The classification is AI-driven: language models read each abstract and determine the direction of findings relative to your question. This works well when the question is clear and the literature is substantial. For well-studied health questions with hundreds of relevant papers, the Meter is a reliable signal.

It works less well on thin or heterogeneous literatures. A question returning eight papers, four of which are small RCTs from the 1990s, generates a Consensus Meter that looks precise but isn’t. Consensus shows you the underlying paper count, so you can calibrate accordingly. The Meter is a directional indicator, not a meta-analysis, and it can project false confidence on poorly-studied topics. Used with that understanding, it’s a genuinely useful innovation.

Citation-grounded answers

Every paper card includes a direct link to the original paper’s DOI. The AI-generated summary is drawn from the paper’s abstract, not generated from scratch, so summaries are constrained by what the paper actually measured and found. The failure mode of most AI tools on scientific questions is confabulation: generating something that sounds like a research finding without corresponding to any specific study. Consensus avoids this structurally. It retrieves real papers first, then summarizes what they contain. If the paper isn’t in the index, it doesn’t appear.

That makes Consensus results verifiable in a way that a ChatGPT answer about a health topic usually isn’t. You can open the paper, check the sample size, and decide whether you trust the finding. You’re using the summary as a pointer to primary evidence, not accepting it on faith.

Search across peer-reviewed papers

The index draws from PubMed, Semantic Scholar, arXiv, and related academic repositories. Coverage is strongest in biomedicine and social sciences, which happen to be where most people’s practical questions live: health, nutrition, psychology, education, climate. The gaps are in fields where research is published primarily in non-English languages, in books rather than journals, or in less systematically indexed venues.

Retrieval quality has improved over the product’s life. Early Consensus sometimes surfaced tangentially related papers. The matching between natural-language questions and research terminology is tighter now, though framing your question in academic language still helps. “Aerobic exercise and depression” retrieves more cleanly than “does working out help if you feel sad.”

Topic summaries and Pro Analysis

Premium subscribers get two synthesis layers on top of the raw paper results. Topic summaries use GPT-powered synthesis to generate a short overview of what the research says, identifying the main finding, flagging qualifications, and noting where evidence is contested. Read the summary first to understand the shape of the literature, then check individual papers for claims that matter most.

Pro Analysis goes further. It’s a structured breakdown organized by study type, sample characteristics, and direction of findings. For “does intermittent fasting improve metabolic markers,” Pro Analysis separates RCT findings from observational studies, notes typical sample sizes, and surfaces whether positive findings cluster in specific subpopulations. It’s the kind of breakdown a research assistant would compile from hours of manual review. These are synthesis aids, not formal systematic reviews, but they cover most of what a professional actually needs to answer “what does the literature say about X.”

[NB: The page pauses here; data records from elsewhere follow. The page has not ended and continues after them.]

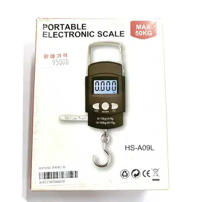 PORTABLE ELECTRONIC SCALE MAX 50KG 0-10kg d=5g 10-50kg d=10g 100 cm ruler HS-A09L AAA battery-2PCS TARE ON/OFF UNIT
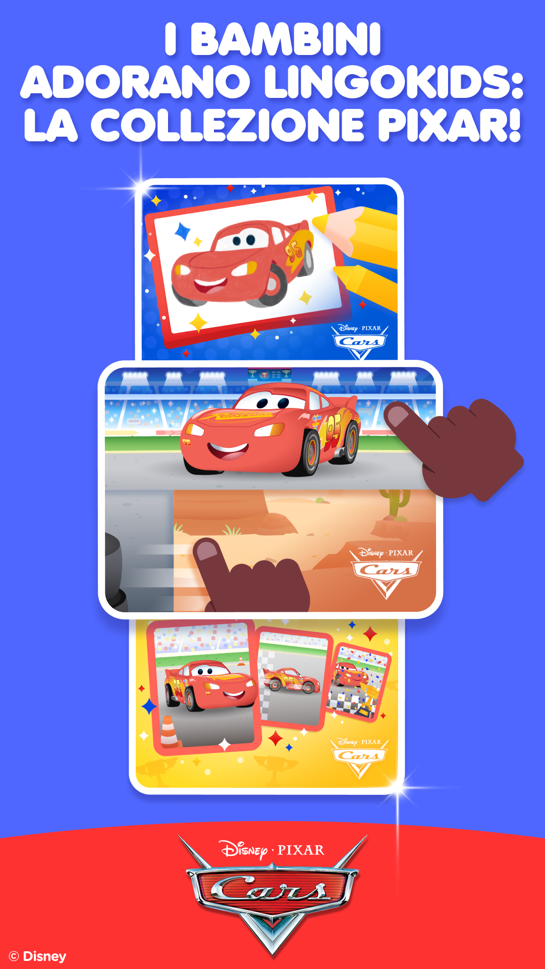 Cars di Disney Pixar arriva a tutta velocità nella Lingokids: Pixar Collection con nuove attività! I bambini si uniscono a Saetta McQueen e ai suoi amici per sfide ad alta energia con missioni di numeri, giochi di schemi e logica divertente. Ogni pit stop e traguardo rafforza concentrazione e fiducia.
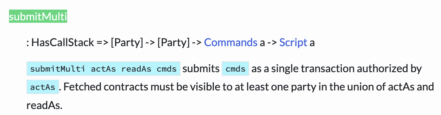 While coding submitMulti command against damlhub i encounter the below error that apparently related to a missing token which represents both actAs and readAs parties.

ChatGPT plugin and integrations

Consensus has a ChatGPT plugin for embedding paper search directly in a ChatGPT session. Invoke it from ChatGPT Plus and you get paper-grounded answers without switching applications. The expected plugin limitations apply: it requires manual invocation and the output is constrained by how ChatGPT integrates third-party results. Useful for people already in the ChatGPT workflow, not a standalone reason to choose Consensus. The iOS and Android apps are clean implementations of the web experience. The Consensus Meter and paper cards translate well to mobile, which makes sense for quick evidence checks while you’re not at a desk.

Pricing

Consensus uses a freemium model with a functional free tier and a single paid tier.

The free tier includes core paper search, individual paper cards with AI summaries, and a limited number of searches per day. That daily cap is the main friction. For occasional use or evaluation it’s fine. For regular research work, you’ll hit it fast.

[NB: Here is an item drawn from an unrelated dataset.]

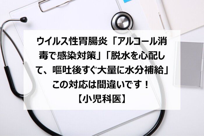 ウイルス性胃腸炎「アルコール消毒で感染対策」「脱水を心配して、嘔吐後すぐ大量に水分補給」この対応は間違いです!【小児科医】
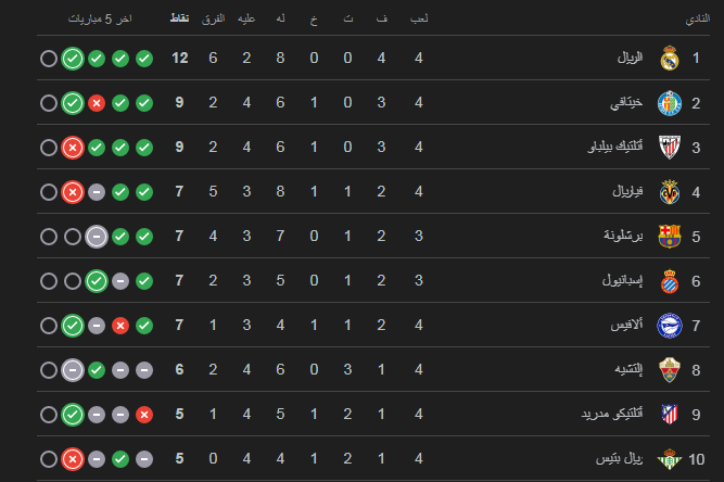 ويعد فريق ريال مدريد هو الفريق الوحيد الذي حقق العلامة الكاملة في 4 جولات لعبوا بالدوري الإسباني الممتاز.

Premium costs $11.99 per month, or roughly $8.99 per month billed annually. It removes the daily search cap, adds the full Consensus Meter on all results, opens up Pro Analysis, gives you more polished GPT-4-powered summaries, and provides priority access to new features. Under $12 per month puts it well below what institutional database access costs, and those databases lack the plain-English interface and AI synthesis that make Consensus useful to non-researchers.

Enterprise pricing is custom and available on request for teams needing higher rate limits or internal tool integration. The free-to-Premium upgrade path is clean. There’s no dark pattern beyond the search cap, which is a real functional limit rather than an artificial nudge.

Where Consensus wins and where it doesn’t

The sweet spot is specific, empirically testable health and science questions with a substantial literature behind them. Does magnesium supplementation improve sleep quality? Does mindfulness-based stress reduction reduce anxiety in clinical populations? Consensus will give you a grounded, paper-backed answer faster than any other tool.

It also wins on accessibility over Elicit. Elicit is built for researchers who know how to work with scientific literature. Consensus is built for the curious non-academic who hasn’t spent time in PubMed. That’s a much larger audience, and Consensus is well-matched to it.

The honest limits: the Consensus Meter is only as reliable as the paper set it’s calculated from. “67% support” on nine papers, two of which are 1998 rat studies, deserves much less weight than the same reading on 340 RCTs. Consensus shows you the paper count, but it takes deliberate effort to use that number rather than anchor on the percentage.

The tool also can’t do the interpretive work that separates a literature review from a literature list. It tells you what papers found; it can’t tell you whether the positive studies share a methodological flaw, whether effect sizes are consistently small despite statistical significance, or whether the field has a replication problem. That judgment requires a researcher.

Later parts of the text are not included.